* PROBLEM DETAILS
With pictures excluded, copy word for word the lines in the data below from the line containing "袖から袖までダイナミックに広" through the line containing "Stéphanie Drugeon travaille".

* RECORDED INFORMATION
*** Block opens ***

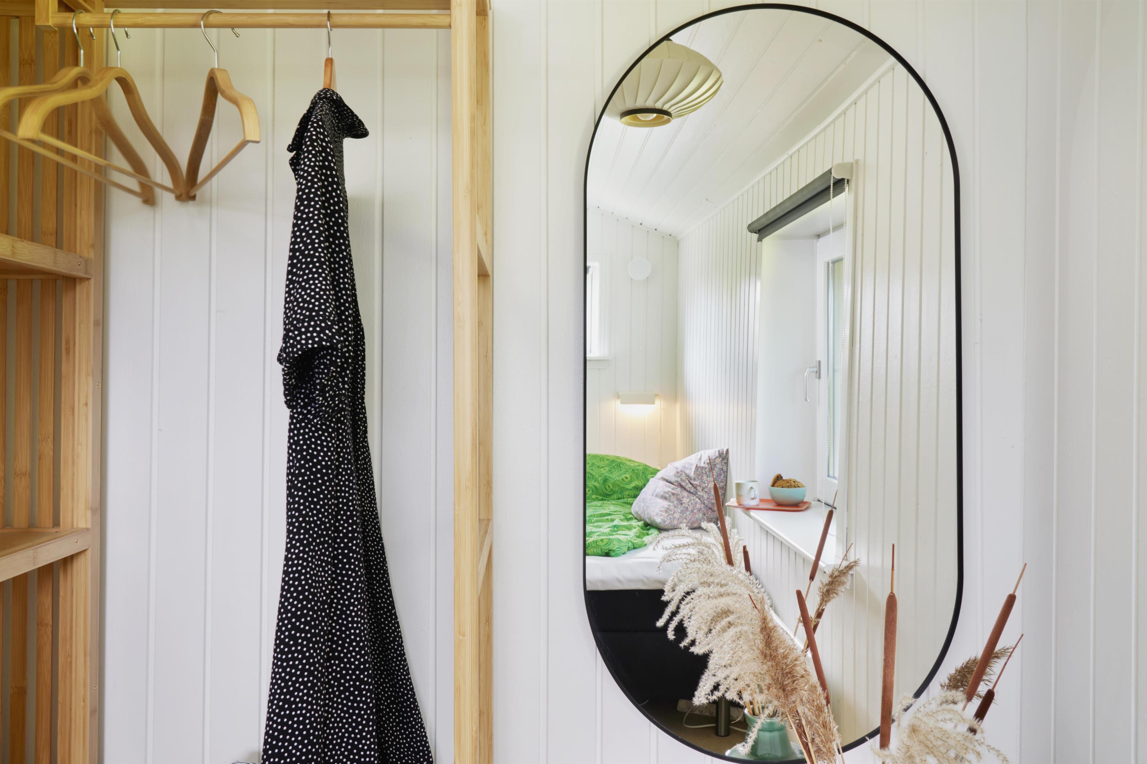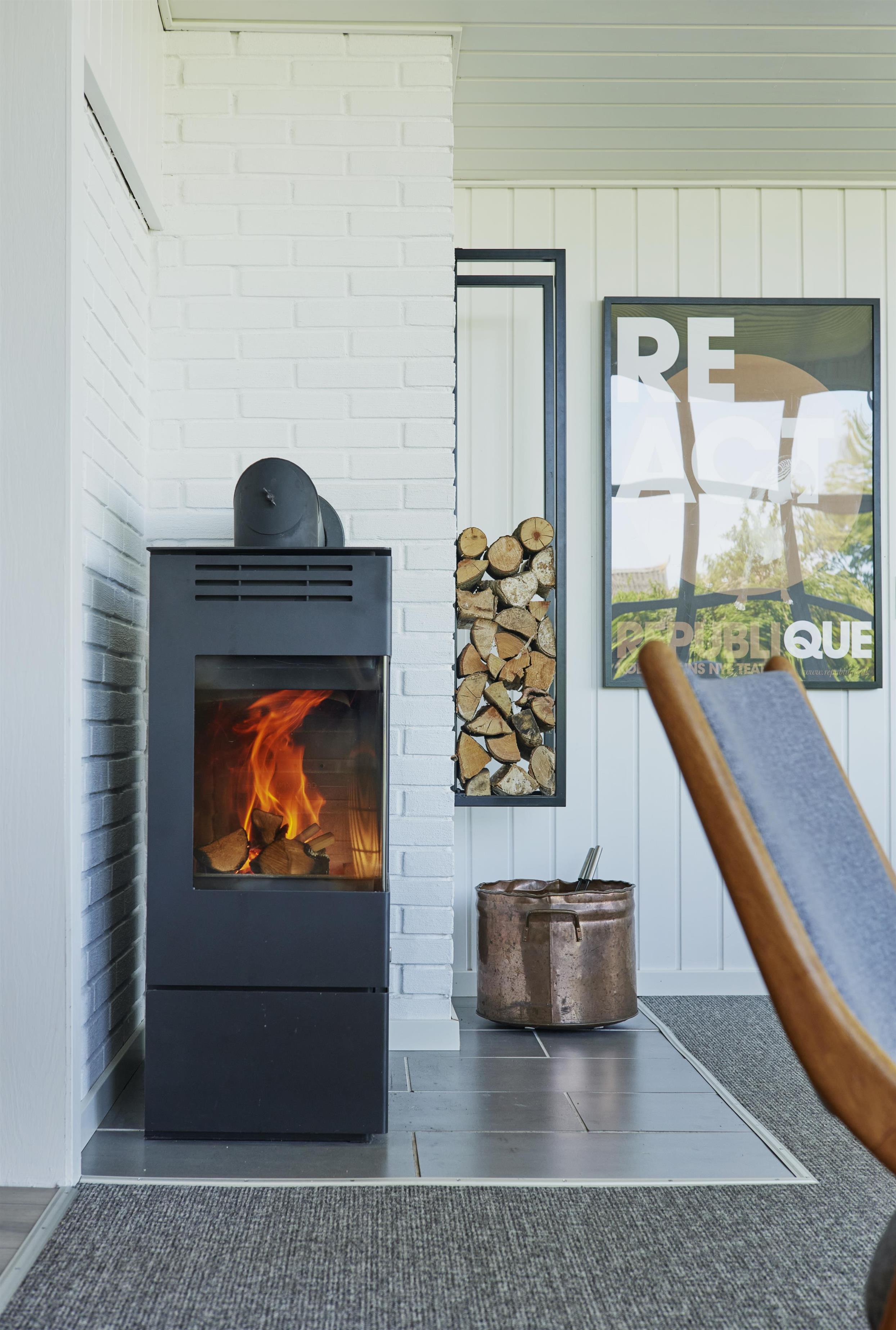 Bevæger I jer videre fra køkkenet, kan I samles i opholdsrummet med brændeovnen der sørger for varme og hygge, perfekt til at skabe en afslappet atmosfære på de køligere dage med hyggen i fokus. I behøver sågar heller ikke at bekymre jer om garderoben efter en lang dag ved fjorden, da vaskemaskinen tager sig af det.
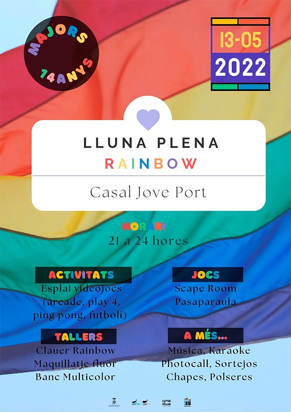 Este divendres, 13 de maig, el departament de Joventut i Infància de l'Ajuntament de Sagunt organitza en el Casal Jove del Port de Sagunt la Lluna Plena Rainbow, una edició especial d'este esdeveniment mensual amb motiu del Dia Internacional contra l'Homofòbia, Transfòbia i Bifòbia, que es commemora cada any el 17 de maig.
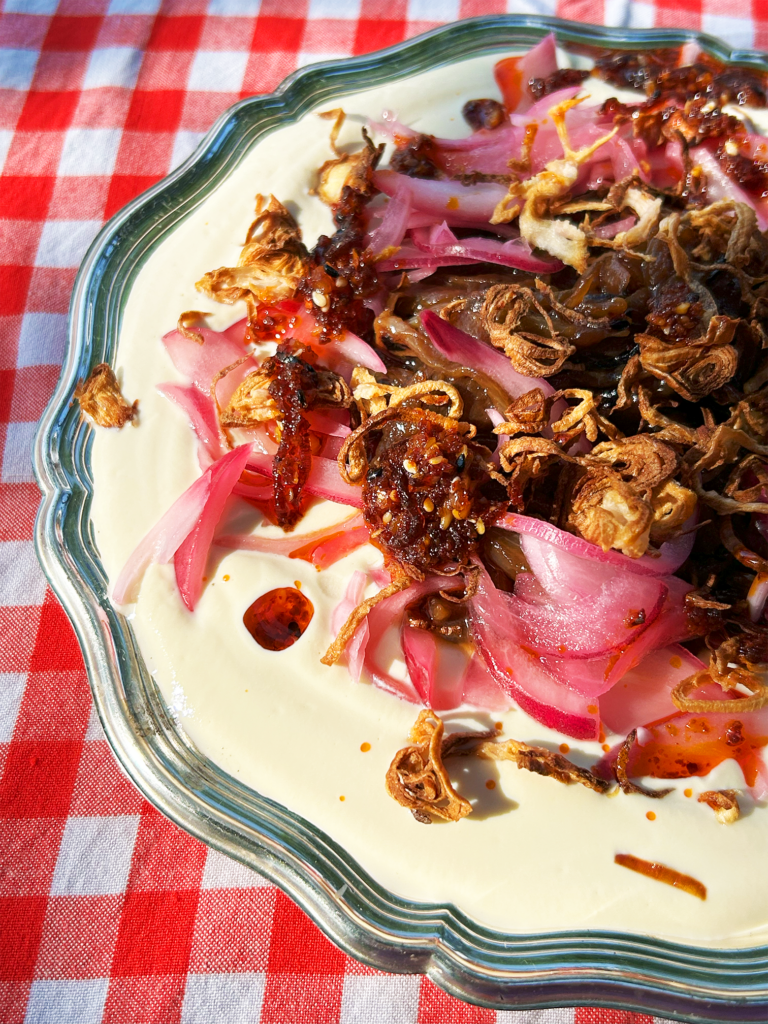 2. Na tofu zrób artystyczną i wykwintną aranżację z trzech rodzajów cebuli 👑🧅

*** Block closes ***
*** Block opens ***

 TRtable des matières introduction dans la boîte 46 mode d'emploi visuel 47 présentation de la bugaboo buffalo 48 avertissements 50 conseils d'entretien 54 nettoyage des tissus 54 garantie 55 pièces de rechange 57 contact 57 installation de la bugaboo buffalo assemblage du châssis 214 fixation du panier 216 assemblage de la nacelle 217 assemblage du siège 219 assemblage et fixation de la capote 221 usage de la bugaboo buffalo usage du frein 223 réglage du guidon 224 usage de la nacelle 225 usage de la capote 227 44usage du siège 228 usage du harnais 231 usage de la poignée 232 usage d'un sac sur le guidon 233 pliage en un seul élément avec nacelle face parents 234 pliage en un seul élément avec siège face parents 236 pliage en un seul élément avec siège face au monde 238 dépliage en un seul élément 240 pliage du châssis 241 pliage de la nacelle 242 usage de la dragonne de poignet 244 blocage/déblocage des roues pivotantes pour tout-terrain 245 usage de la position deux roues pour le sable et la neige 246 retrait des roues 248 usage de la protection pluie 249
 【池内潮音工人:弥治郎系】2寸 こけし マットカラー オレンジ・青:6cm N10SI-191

*** Block closes ***
*** Block opens ***

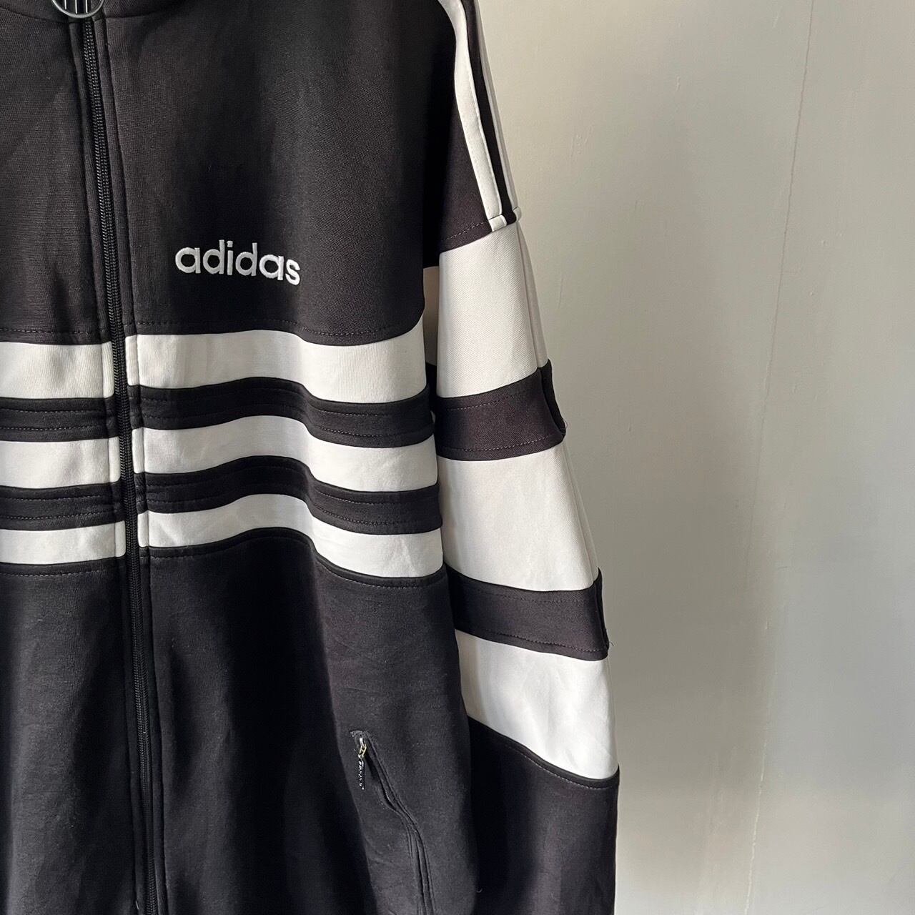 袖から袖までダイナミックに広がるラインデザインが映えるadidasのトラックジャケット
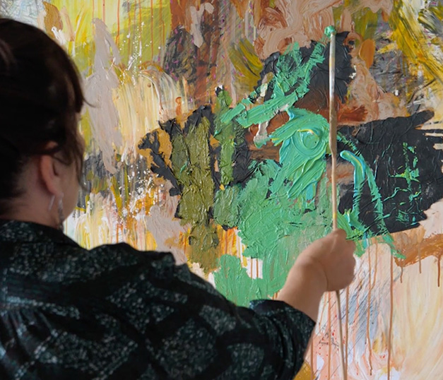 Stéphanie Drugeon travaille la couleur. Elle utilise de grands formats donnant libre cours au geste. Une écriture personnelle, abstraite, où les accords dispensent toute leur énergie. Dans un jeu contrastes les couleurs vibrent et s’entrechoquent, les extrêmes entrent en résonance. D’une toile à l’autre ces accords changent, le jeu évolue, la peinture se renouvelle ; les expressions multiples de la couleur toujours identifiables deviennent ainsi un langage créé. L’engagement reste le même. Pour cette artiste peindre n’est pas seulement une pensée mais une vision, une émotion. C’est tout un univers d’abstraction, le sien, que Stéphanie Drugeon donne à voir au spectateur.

*** Block closes ***

* THE COMPLETED TASK
 袖から袖までダイナミックに広がるラインデザインが映えるadidasのトラックジャケット
 Stéphanie Drugeon travaille la couleur. Elle utilise de grands formats donnant libre cours au geste. Une écriture personnelle, abstraite, où les accords dispensent toute leur énergie. Dans un jeu contrastes les couleurs vibrent et s’entrechoquent, les extrêmes entrent en résonance. D’une toile à l’autre ces accords changent, le jeu évolue, la peinture se renouvelle ; les expressions multiples de la couleur toujours identifiables deviennent ainsi un langage créé. L’engagement reste le même. Pour cette artiste peindre n’est pas seulement une pensée mais une vision, une émotion. C’est tout un univers d’abstraction, le sien, que Stéphanie Drugeon donne à voir au spectateur.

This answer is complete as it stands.